On-Device AI on Apple Platforms: Core ML, Apple Foundation Models, and the Neural Engine in 2026
The Apple Neural Engine changes the constraint for mobile AI. Inference that would take 400ms over a network API completes in under 10ms on-device. This guide covers the full stack: Core ML, Apple Foundation Models, battery-aware scheduling, privacy architecture, and when cloud AI is the wrong choice.
The structural shift toward on-device inference
Cloud inference has a latency floor that no amount of infrastructure optimization can eliminate. A round-trip to a remote model adds 200–800ms, requires an active network connection, and sends user data off the device. In consumer apps, that latency is noticeable. In low-connectivity environments, it is a hard failure mode.
The Apple Neural Engine changes the constraint. Modern Apple Silicon — A17 Pro, M4, and their successors — includes a dedicated neural processing unit capable of running billions of operations per second at a fraction of the power draw of the CPU or GPU. Inference that would take 400ms over a network API completes in under 10ms on-device.

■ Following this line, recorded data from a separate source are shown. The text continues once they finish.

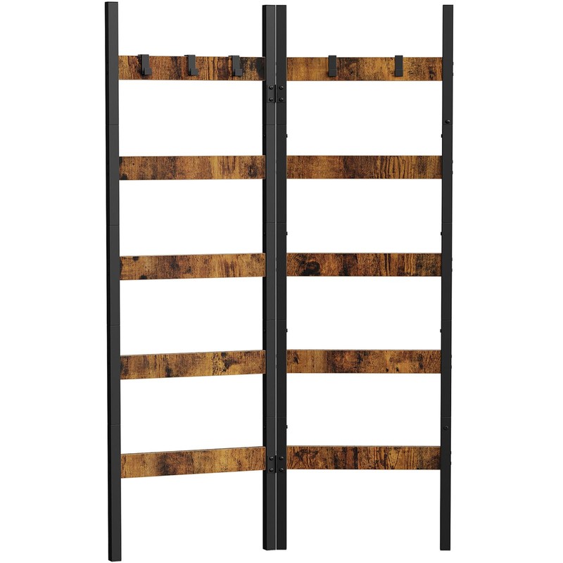 This foldable blanket ladder expands your storage space and adapts to various placements. Designed with a sturdy metal frame and engineered wood, it’s perfect for hanging blankets, towels, and bath towels—combining durability with elegant style that also serves as a decorative accent. Specifications: Color: Rustic Brown Material: Metal, Engineered wood Product Size: 16.9''/34.2''W x 63.7''H Package Contents: 1 x Foldable Blanket Ladder 5 x Hooks 1 x Accessory Kit 1 x Instructions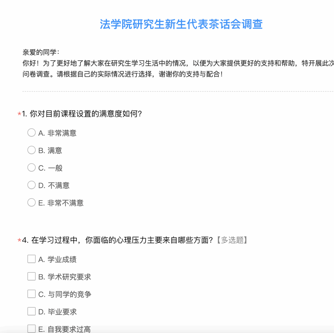 会前,法学院研究生会通过问卷调查的形式广泛征集2024级研究生的意见建议,各与会学生代表同样在班级内收集新生意见,并汇总形成了详实的调查结果。其中,大部分同学的关注点聚焦于学习环境与生活感受、职业规划与未来发展方面。
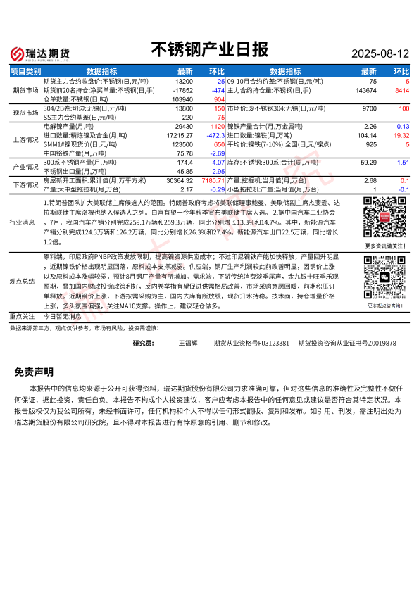 【瑞达期货】【20250812】不锈钢产业日报-1页

That is not a marginal improvement. It is a different category of experience.
The Apple Neural Engine: what it is and what it does
The Neural Engine is a dedicated hardware block inside Apple Silicon, separate from the CPU and GPU. Its job is matrix multiplication — the core operation behind neural network inference — and it does that job with far higher throughput and far lower energy consumption than either general-purpose compute unit.
On A17 Pro and later chips, the Neural Engine delivers up to 35 TOPS (tera-operations per second). The M4 pushes that further. These numbers matter because model complexity is measured in operations — a larger, more capable model requires more operations per inference pass.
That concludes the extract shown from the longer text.